On the Optimality of Single-label and Multi-label Neural Network Decoders
Yunus Can Gültekin, Péter Scheepers, Yuncheng Yuan, Federico Corradi, Alex Alvarado
TL;DR
This work addresses whether SLNN and MLNN decoders can achieve maximum likelihood decoding with simple architectures. It provides constructive proofs (Theorems 1 and 2) of optimal, training-free codebook-based NN designs and validates them on short codes such as the Hamming $(n,k)=(7,4)$, polar $(16,8)$, and BCH $(31,21)$, illustrating codeword-wise and bit-wise ML performance. The key contributions are explicit binary-weight architectures that realize ML decoding with substantially reduced complexity compared to training-based decoders, and a scalability analysis highlighting the curse of dimensionality for longer codes. The results imply that for moderate blocklengths, ML decoding can be achieved with trivial, sparse NNs, guiding decoder design while clarifying practical limits for larger codes.
Abstract
We investigate the design of two neural network (NN) architectures recently proposed as decoders for forward error correction: the so-called single-label NN (SLNN) and multi-label NN (MLNN) decoders. These decoders have been reported to achieve near-optimal codeword- and bit-wise performance, respectively. Results in the literature show near-optimality for a variety of short codes. In this paper, we analytically prove that certain SLNN and MLNN architectures can, in fact, always realize optimal decoding, regardless of the code.

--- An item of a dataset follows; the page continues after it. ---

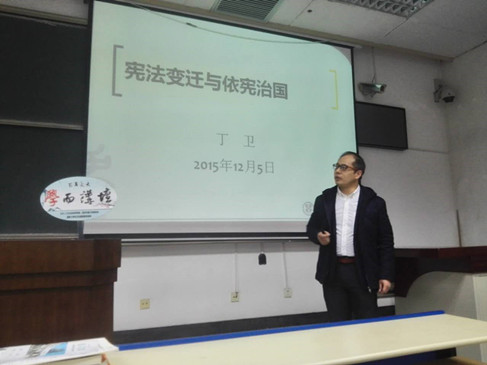 平博在线,平博在线(中国)研究生会、法律爱好者协会携手“学而讲坛”,推出“国家宪法日”专题讲座,邀请平博在线,平博在线(中国)副院长丁卫副教授就《宪法变迁与依宪治国》进行专题讲座。丁老师在讲座中详细介绍了我国现行宪法历次修改的过程,他结合历次宪法修改的历史背景,生动地讲述了我国宪法变迁的历史发展,他最后对我国宪法实施中存在的瓶颈及问题进行了透彻的分析和讲解,为大家展示了依宪治国的现状及前进方向。
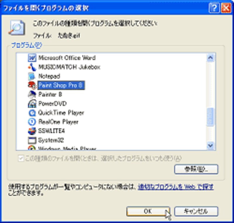 「プログラム」で「Paint Shop Pro8」を関連づけておけば

These optimal architectures and their binary weights are shown to be defined by the codebook, i.e., no training or network optimization is required. Our proposed architectures are in fact not NNs, but a different way of implementing the maximum likelihood decoding rule. Optimal performance is numerically demonstrated for Hamming $(7,4)$, Polar $(16,8)$, and BCH $(31,21)$ codes. The results show that our optimal architectures are less complex than the SLNN and MLNN architectures proposed in the literature, which in fact only achieve near-optimal performance. Extension to longer codes is still hindered by the curse of dimensionality. Therefore, even though SLNN and MLNN can perform maximum likelihood decoding, such architectures cannot be used for medium and long codes.